Lamb Meatball Gyro with Roasted Veg and Cucumber Mint Yogurt sauce
Adapted from The Oregonian Cookbook 
Serves 2

For the vegetables:
1 sweet potato
1 small bunch asparagus
olive oil
salt and pepper

For the yogurt sauce:
1 cup plain yogurt
1 small cucumber, peeled and finely chopped
1 tablespoon minced fresh mint
1 tsp lemon zest
1 teaspoon kosher salt

For the pita
8 - 10 already cooked lamb meatballs (see above!)
2 pita breads
Roasted garlic hummus (I like King Harvest brand)
1 Roma tomato, sliced
2 leaves romaine or butter lettuce, chopped
crumbled feta cheese
1. Make the yogurt sauce and let it hang out for a while to get extra delicious. Place the yogurt in a medium bowl. Stir in the cucumber, herb, lemon zest, and salt. Cover and refrigerate until ready to use. (This yogurt sauce recipe makes a bit more than you will likely use at one time so chop it in half or use it for something else! dip, salad dressing, another gyro-type thing, etc.)

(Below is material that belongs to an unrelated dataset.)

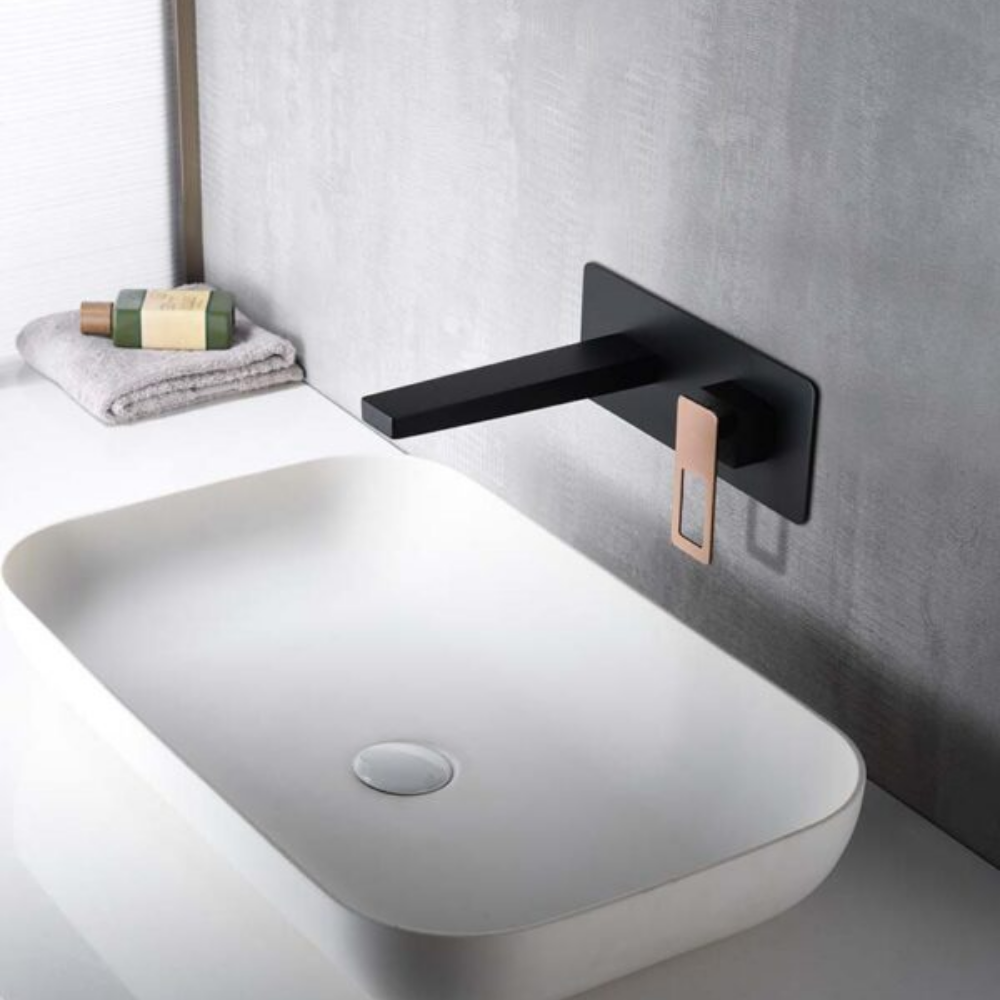 Grifería empotrada monomando de latón. Negro mate, oro rosa. Box de registro.

2. Preheat oven to 400 degrees. Chop your sweet potato into small bite sized chunks. Snap off the hard ends of the asparagus. Toss them all with olive oil, salt and pepper, and a bit of paprika. Roast in the oven until both are softened perfectly, about 15 minutes, tossing them around once or twice if you think of it. 

3. While the veggies are in the oven, warm up your meatballs. You can either toss them onto the sheet pan with the veggies or toss them into a skillet on the stove on medium heat. You just want to warm them up to 165 internal temp.

3. When your veggies are cooked, remove them from the oven and throw your pitas into the still warm oven to soften them and warm them up.  

4. Spread 2 Tbsp of hummus on each warm pita. add the lettuce and tomato slices.  Place on your warmed meatballs and sprinkle with feta cheese.  Put some of the veggies on the side with a big dollop of cucumber yogurt sauce and gobble it up! I put some of the sauce on my meatballs too because it was just so delicious!